If you need to allow users to enter Html for display on your web site or application you're asking for trouble in the form of a Cross Site Scripting (XSS) attack. This attack is pretty simple. Imagine that you have a text input field and then you display the value that was input back to the user. For example, an error message might return the value the user entered. The user enters something like <script>javascript:alert('hello, from a hacker');</script> and suddenly they can control javascript coming from your server.
The first level of response is to HtmlEncode anything that is input from the user. This is what many of the built-in ASP.NET controls do for you and something that you should alway do in ASP.NET MVC.
But, when you encode everything the user enters you can't let the user create a bold tag, <b>Name</b> , which is perfectly safe. How do you allow safe html to get posted without encoding while making sure everything else is safe?
One approach taken by most bulletin boards is to adopt a special language, like BBCode, which is a limited grammar of acceptable tags. BBCode is used by our DotNetBB software right now and looks something like this:
[b]This is bold[/b]
[url=http://www.bvsoftware.com]Link to BV Software[/url]
This type of language works well but it isn't good enough in my opinion. Why should users need to learn a new language instead of html which is a standard already.
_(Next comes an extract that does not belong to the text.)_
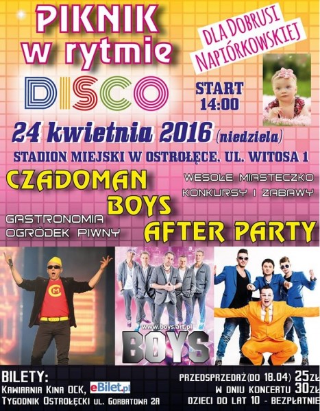 W Ostrołęce i okolicach wciąż nie brakuje ludzi dobrej woli, którzy stale pomagają dziewczynce, organizując różnego rodzaju akcje charytatywne. Kolejna odbędzie się już 24 kwietnia na stadionie przy ul. Witosa. W trakcie plenerowego koncertu disco polo zaprezentują się największe gwiazdy tego gatunku muzycznego - Boys, After Party i Czadoman. Koncert jest biletowany, przedsprzedaż wejściówek w cenie 25 złotych potrwa do 18 kwietnia, po tym dniu koszt biletów wyniesie 30 zł. Bilety do nabycia w serwisie ebilet.pl oraz w siedzibie "Tygodnika Ostrołęckiego" przy ul. Gorbatowa 2A i w kawiarni Ostrołęckiego Centrum Kultury przy ul. Inwalidów Wojennych.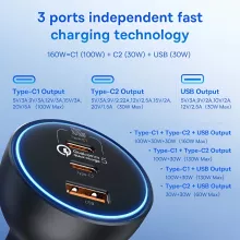 - Three charging ports: 2 USB-C ports and 1 USB-A port

Furthermore, if I'm a designer and I'm working on a nicely formatted post in DreamWeaver I have to convert it from Html to BBCode before posting.
So, I decided to build an Html sanitizer that will allow a safe subset of code to be posted while encoding everything else. I'm not the first person to try this and I looked over a lot of community code for ideas. What I found was that most of the scrubbers used Regular Expressions to match potentially dangerous scripts and then tried to remove or encode them. Here's one from Jeff Atwood of Coding Horror and here's one by Rob Conery of SubSonic Fame.
I have a love/hat relationship with regular expressions. They can be huge time savers and can present a simple solution to complex problems. They can also end up many lines long and so un-readable that you never have any hope of debugging the code. The regular expressions I found in the other scrubber code were just that. Long, complicated and not error proof at all.
Here are some examples that you can use to test for XSS attacks. When you see the huge variety of attacks possible you'll realize that a simple regular expression isn't going to cut it. If you look at Rob's Code. You'll notice that he took a different approach. His choice was to "white list" the safe tags and encode everything else.
I also took the "white list" approach but after reviewing possible attacks decided that I needed an extra step. Instead of just allowing safe tags through, I would parse the tags and rewrite the safe ones with a subset of tag attributes that are also safe or easy to check.
Step 1: Tokenize the text to find all of the Html tags. This was a simple matter of splitting the string on the "<" character. Every opening and closing tag needs to start with this.
Step 2: Walk through the tokens and do a basic parser routine. When we're not parsing a tag, HtmlEncode everything else. When we are parsing a tag, get the start tag.
Step 3: When parsing the start tag check to see if it's an allowed tag. If not, HtmlEncode it. If it is, check to see if it's a self closing tag like <br/>. If it's self closing, rewrite it in a safe manner. If not, keep reading tokens until you find the end.
Step 4: If you haven't found a valid tag that is closed just HtmlEncode everything you have and dump it.
Step 5: Rewriting tags. When you do find a valid tag (self closed or not). Parse out the name and attributes from the tag. Look over the attributes in a name/value list and only rewrite out the attributes you've selected as safe.
Step 6: Some attributes, like SRC and HREF require extra attention. They are vulnerable to javascript: and vbscript: tags in the attribute value.
I've taken all of the examples from an XSS sample site and my code has safely taken care of everything I can throw at it. I don't want to get cocky about it because someone could find an exploit tomorrow.
Some other things to note:
I had to choose a subset of html that I thought was safe an appropriate for users to enter:b,i,u,em,strong,h1,h2,h3,h4,h5,h6,div,span,p,blockquote,ol,ul,li,address,strike,a,img,sup,sub and hr
I had to be VERY strict on the formatting I allowed for html. All tags must be lower case. All tags must be closed. All tag attributes must be wrapped in double quotes. etc. This strict xhtml formatting makes it easier to parse out the safe tags and is generally a good idea. Less sophisticated users may not understand why the Html of their Word doc didn't come out exactly as they expected but I'm okay with that.
It's not a simple problem but I think my solution is working well so far. This code will be included in the new version of DotNetBB and some other projects I'm working on.
Is this something that you need for your projects? Should we consider wrapping it into a nice library at an attractive price?